Вскоре после того, как я принял «Огонек», несколько писателей пригласили меня отужинать с ними. И не в какой-нибудь харчевне, а за специально заказанным столом в ресторане «Украина». Ожидали меня в ресторане люди неслучайные. Были это отобранные один к одному самоотверженные защитники русской души и национальной идеи, денно и нощно готовые сражаться с инородцами, капиталистами и другими разрушителями заветных достоинств. В прежнем «Огоньке» они опубликовали скандальную статью о том, как великого русского поэта Маяковского извели всякие нерусские люди. Позже о Есенине писали почти такими же словами. Я заранее знал, что за столом в «Украине» меня будут ожидать всемогущие Юрий Бондарев, Анатолий Иванов, Михаил Алексеев, Петр Проскурин, все как один Герои Соцтруда и прочая и прочая. Так и случилось.
Под икорку и водочку мне разъяснили, что будущее — в моих руках и держать это будущее я должен крепко, как вот эту рюмочку. Если буду послушен, то мне и помогут, и защитят. В этом вот ресторане, за этим же столиком я по пятницам смогу найти всех или нескольких нынешних сотрапезников и по первой же просьбе мои проблемы мигом решатся. А нет — разорвут, по стенке размажут…
Очень было похоже на кино про мафию — собрались паханы и стращают малолетку. Я все это выслушал, скандалить не стал, извинился и пошел домой.
Через недолгое время Владимир Вигилянский (ныне пресс-секретарь Патриархии. — Ред.) опубликовал в «Огоньке» подробное исследование о коррупции в Союзе писателей, о том, как делят внеплановые издания и гонорары. Упомянутые писатели были среди главных героев статьи. Надо сказать, что незадолго до этого случился съезд писателей страны, где меня при помощи тайного голосования избрали одним из секретарей правления Союза писателей СССР. Поэтому долбали меня на всех уровнях и за поругание неприкосновенных, и за вынесение сора из избы, и еще много за что. Спрятаться было негде. Но я и не прятался; в «Огоньке» мы быстро приучились действовать в открытую.
У власти свои правила и собственные уровни отношений, которые не постигаются с ходу. Вспоминаю, как в начале 1999 года я встретился в Москве с Михаилом Горбачевым и, отступив в прошлое, рассказал ему, что восхищал американских студентов повествованием об избрании его, Горбачева, в генсеки. Мол, даже старый партийный бюрократ Андрей Громыко дрогнул тогда перед убедительностью идей Михаила Сергеевича и вопреки склеротичным коллегам выдвинул самого молодого кандидата на высшую в стране должность. «Ничего подобного, — отмахнулся от моего рассказа Горбачев. — Никакой инициативы Громыко не проявлял.

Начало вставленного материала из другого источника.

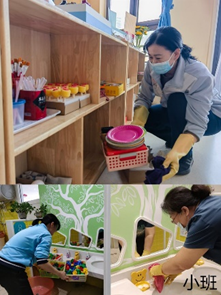 班级环境卫生的消毒更是不能马虎。看,保育老师都在细心清洁、消毒室内的各个角落,给孩子们一个干净、整洁、健康的生活游戏环境。

За полчаса до заседания Политбюро я пригласил его в кабинет и попросил выдвинуть меня в генсеки. Существуют же определенные правила…» Еще я спросил у Горбачева, почему он отправил в Беловежскую Пущу именно Ельцина: разваливать Советский Союз? «Никуда я не отправлял его, — ответил бывший генсек. — Ельцин сам попросился туда в командировку, чтобы, по его словам, отговорить Кравчука рваться в самостийность. Есть же правила…» В каждой избушке — свои погремушки.
«Я другой такой страны не знаю». В правительстве царской России в канун октябрьского переворота было около 20 министров. Горбачев получил в подчинение 615 чиновников министерского ранга. При Ельцине даже все думские депутаты специальным законом присвоили себе министерские статусы, зарплаты и привилегии. А чаво? Умение грести под себя и неспособность к переменам всегда ценились у бюрократии, как высшие признаки квалификации. С самого начала, с Октября, установилась традиция почтения к «несгибаемым ленинцам», «стальным наркомам», Железным Феликсам. История страны позвякивает, как металлолом. Коммунистическая партия стала самым серьезным чиновничьим орденом в государстве, и трогать бюрократическое тараканье царство было очень опасно. В своих блокнотах я нашел запись от 11 февраля 1987 года, когда на совещании в ЦК Горбачев возмутился, что в одной из статей тогдашняя «Литературная газета» назвала каких-то партийных кадровиков «шелупонью». «Это недопустимо, это нельзя! — кипятился Михаил Сергеевич. — Не унижайте чиновников! Они делают важное дело! Мы не можем, как в сепараторе: сюда молоко, а сюда — сливки! Нам всякие люди нужны!» Вокруг него и накапливались, что называется, «всякие люди».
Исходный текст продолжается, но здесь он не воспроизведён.